Each line of data below must be printed exactly as written, with any pictures removed.

[Supplied data]
——————————
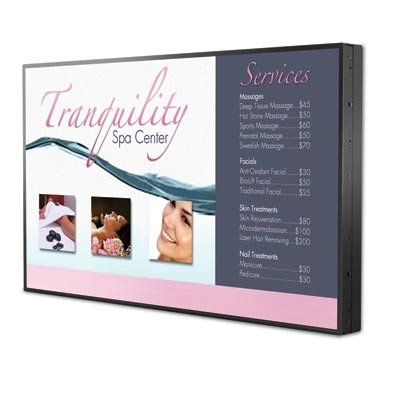 Our Video Wall panels make your digital signage easy to implement, configure and operate. Video Wall displays support an extensive array of connectivity options, including VGA, DVI, HDMI, composite, and supports RS-232C serial connectivity for multiple display control. Ranging from 11mm to 5.7mm, the ultra-thin bezels make these displays appear nearly seamless for video walls consisting of up to 250 displays. Our displays feature advanced cooling technologies that allow for reliable operation 24 hours a day, 7 days a week. Signs also feature built in 5 watt speakers. Our Video Wall software allows you to change, reposition and resize content in real time from a single PC. No matter where you display these screens you can be assured people will be captivated by your message.
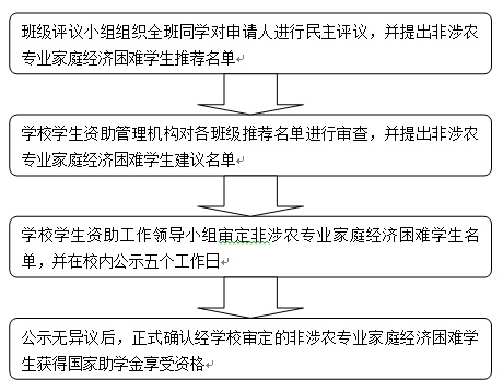 2.非涉農(nóng)專業(yè)家庭經(jīng)濟困難學(xué)生認定流程如下圖所示:
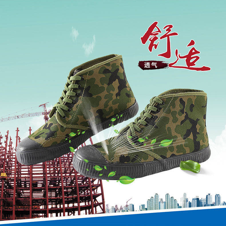高帮布鞋 解放鞋 迷彩 登山防滑耐磨低帮鞋 工作鞋 劳保鞋 男女工地胶鞋
——————————
[Result]
 Our Video Wall panels make your digital signage easy to implement, configure and operate. Video Wall displays support an extensive array of connectivity options, including VGA, DVI, HDMI, composite, and supports RS-232C serial connectivity for multiple display control. Ranging from 11mm to 5.7mm, the ultra-thin bezels make these displays appear nearly seamless for video walls consisting of up to 250 displays. Our displays feature advanced cooling technologies that allow for reliable operation 24 hours a day, 7 days a week. Signs also feature built in 5 watt speakers. Our Video Wall software allows you to change, reposition and resize content in real time from a single PC. No matter where you display these screens you can be assured people will be captivated by your message.
 2.非涉農(nóng)專業(yè)家庭經(jīng)濟困難學(xué)生認定流程如下圖所示:
高帮布鞋 解放鞋 迷彩 登山防滑耐磨低帮鞋 工作鞋 劳保鞋 男女工地胶鞋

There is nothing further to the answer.